» **What the exercise asks**
Ignoring the images, restate the records below word for word.

═════ Source information

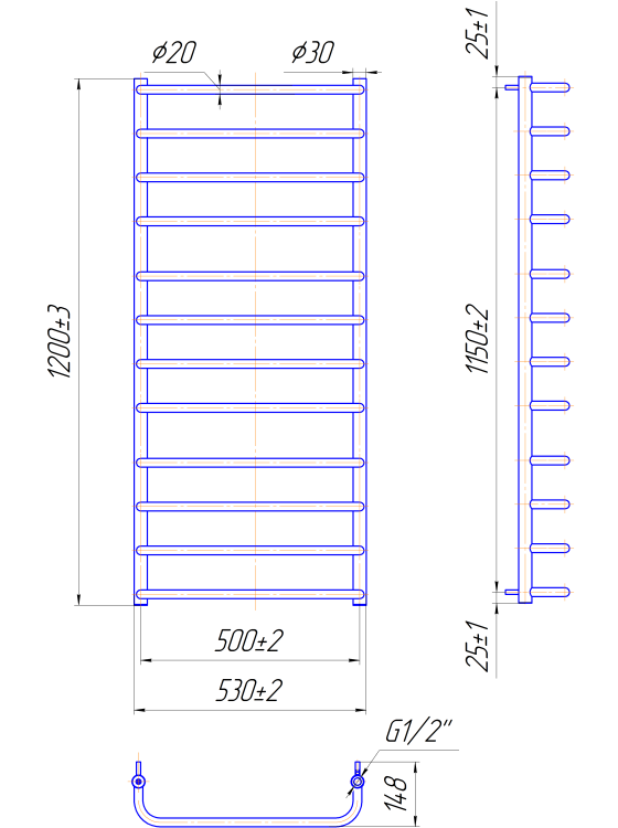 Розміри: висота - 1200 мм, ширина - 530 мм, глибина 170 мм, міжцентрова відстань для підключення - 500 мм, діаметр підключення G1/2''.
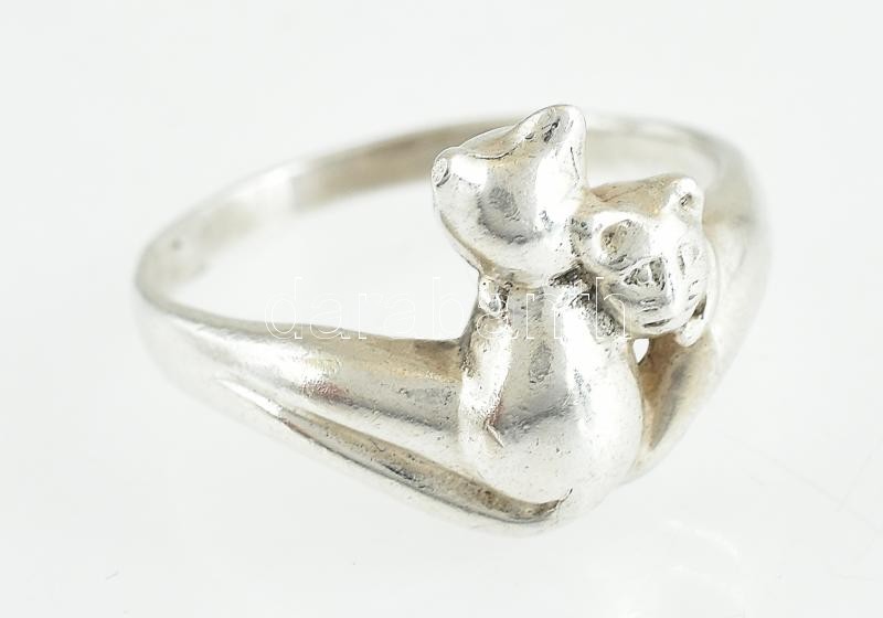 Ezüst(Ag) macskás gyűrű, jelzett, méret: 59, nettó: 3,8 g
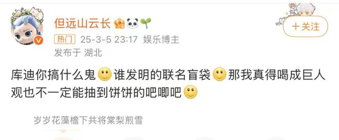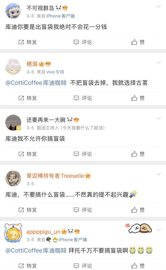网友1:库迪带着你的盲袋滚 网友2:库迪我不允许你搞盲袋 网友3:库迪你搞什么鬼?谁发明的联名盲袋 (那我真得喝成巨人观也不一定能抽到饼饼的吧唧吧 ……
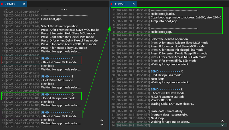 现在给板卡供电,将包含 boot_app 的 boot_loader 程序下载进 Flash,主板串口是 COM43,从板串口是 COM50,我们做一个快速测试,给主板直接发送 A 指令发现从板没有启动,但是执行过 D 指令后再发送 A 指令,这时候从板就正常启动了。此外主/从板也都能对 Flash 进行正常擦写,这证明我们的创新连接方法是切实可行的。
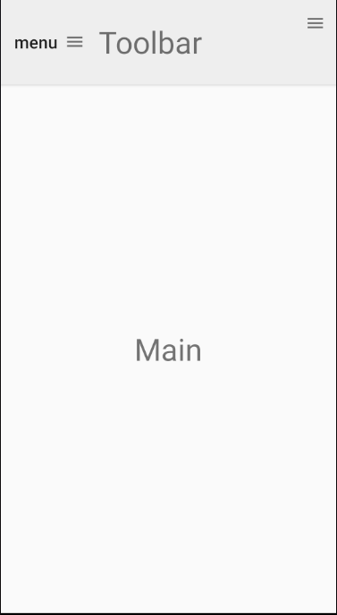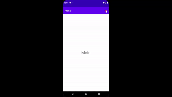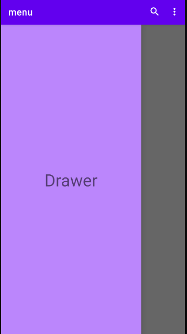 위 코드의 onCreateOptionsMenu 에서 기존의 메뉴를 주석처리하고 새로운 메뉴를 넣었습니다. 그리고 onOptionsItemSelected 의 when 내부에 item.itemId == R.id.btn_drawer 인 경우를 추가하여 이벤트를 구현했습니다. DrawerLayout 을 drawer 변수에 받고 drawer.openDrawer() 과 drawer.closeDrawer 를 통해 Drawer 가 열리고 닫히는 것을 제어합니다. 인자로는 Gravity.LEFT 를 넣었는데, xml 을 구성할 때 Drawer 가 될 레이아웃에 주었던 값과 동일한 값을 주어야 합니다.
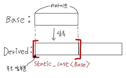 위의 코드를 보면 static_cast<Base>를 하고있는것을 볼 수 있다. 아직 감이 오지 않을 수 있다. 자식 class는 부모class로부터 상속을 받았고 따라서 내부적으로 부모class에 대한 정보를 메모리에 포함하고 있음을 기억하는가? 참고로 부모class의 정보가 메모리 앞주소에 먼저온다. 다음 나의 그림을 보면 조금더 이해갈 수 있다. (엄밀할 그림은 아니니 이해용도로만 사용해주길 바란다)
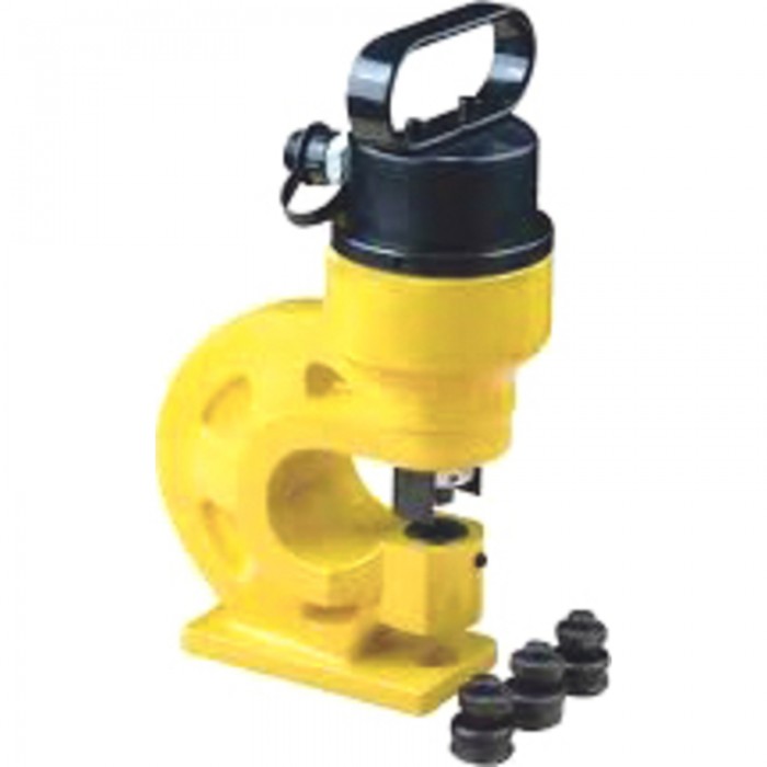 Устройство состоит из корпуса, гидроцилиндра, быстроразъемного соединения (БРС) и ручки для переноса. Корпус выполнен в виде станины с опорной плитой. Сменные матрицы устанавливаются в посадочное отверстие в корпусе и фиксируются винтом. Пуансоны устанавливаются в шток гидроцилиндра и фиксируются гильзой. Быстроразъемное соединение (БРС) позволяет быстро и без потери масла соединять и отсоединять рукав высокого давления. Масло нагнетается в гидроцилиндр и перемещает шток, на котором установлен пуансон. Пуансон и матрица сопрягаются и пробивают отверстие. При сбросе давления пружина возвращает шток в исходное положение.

══════════

» **Output of the task**
 Розміри: висота - 1200 мм, ширина - 530 мм, глибина 170 мм, міжцентрова відстань для підключення - 500 мм, діаметр підключення G1/2''.
 Ezüst(Ag) macskás gyűrű, jelzett, méret: 59, nettó: 3,8 g
网友1:库迪带着你的盲袋滚 网友2:库迪我不允许你搞盲袋 网友3:库迪你搞什么鬼?谁发明的联名盲袋 (那我真得喝成巨人观也不一定能抽到饼饼的吧唧吧 ……
 现在给板卡供电,将包含 boot_app 的 boot_loader 程序下载进 Flash,主板串口是 COM43,从板串口是 COM50,我们做一个快速测试,给主板直接发送 A 指令发现从板没有启动,但是执行过 D 指令后再发送 A 指令,这时候从板就正常启动了。此外主/从板也都能对 Flash 进行正常擦写,这证明我们的创新连接方法是切实可行的。
 위 코드의 onCreateOptionsMenu 에서 기존의 메뉴를 주석처리하고 새로운 메뉴를 넣었습니다. 그리고 onOptionsItemSelected 의 when 내부에 item.itemId == R.id.btn_drawer 인 경우를 추가하여 이벤트를 구현했습니다. DrawerLayout 을 drawer 변수에 받고 drawer.openDrawer() 과 drawer.closeDrawer 를 통해 Drawer 가 열리고 닫히는 것을 제어합니다. 인자로는 Gravity.LEFT 를 넣었는데, xml 을 구성할 때 Drawer 가 될 레이아웃에 주었던 값과 동일한 값을 주어야 합니다.
 위의 코드를 보면 static_cast<Base>를 하고있는것을 볼 수 있다. 아직 감이 오지 않을 수 있다. 자식 class는 부모class로부터 상속을 받았고 따라서 내부적으로 부모class에 대한 정보를 메모리에 포함하고 있음을 기억하는가? 참고로 부모class의 정보가 메모리 앞주소에 먼저온다. 다음 나의 그림을 보면 조금더 이해갈 수 있다. (엄밀할 그림은 아니니 이해용도로만 사용해주길 바란다)
 Устройство состоит из корпуса, гидроцилиндра, быстроразъемного соединения (БРС) и ручки для переноса. Корпус выполнен в виде станины с опорной плитой. Сменные матрицы устанавливаются в посадочное отверстие в корпусе и фиксируются винтом. Пуансоны устанавливаются в шток гидроцилиндра и фиксируются гильзой. Быстроразъемное соединение (БРС) позволяет быстро и без потери масла соединять и отсоединять рукав высокого давления. Масло нагнетается в гидроцилиндр и перемещает шток, на котором установлен пуансон. Пуансон и матрица сопрягаются и пробивают отверстие. При сбросе давления пружина возвращает шток в исходное положение.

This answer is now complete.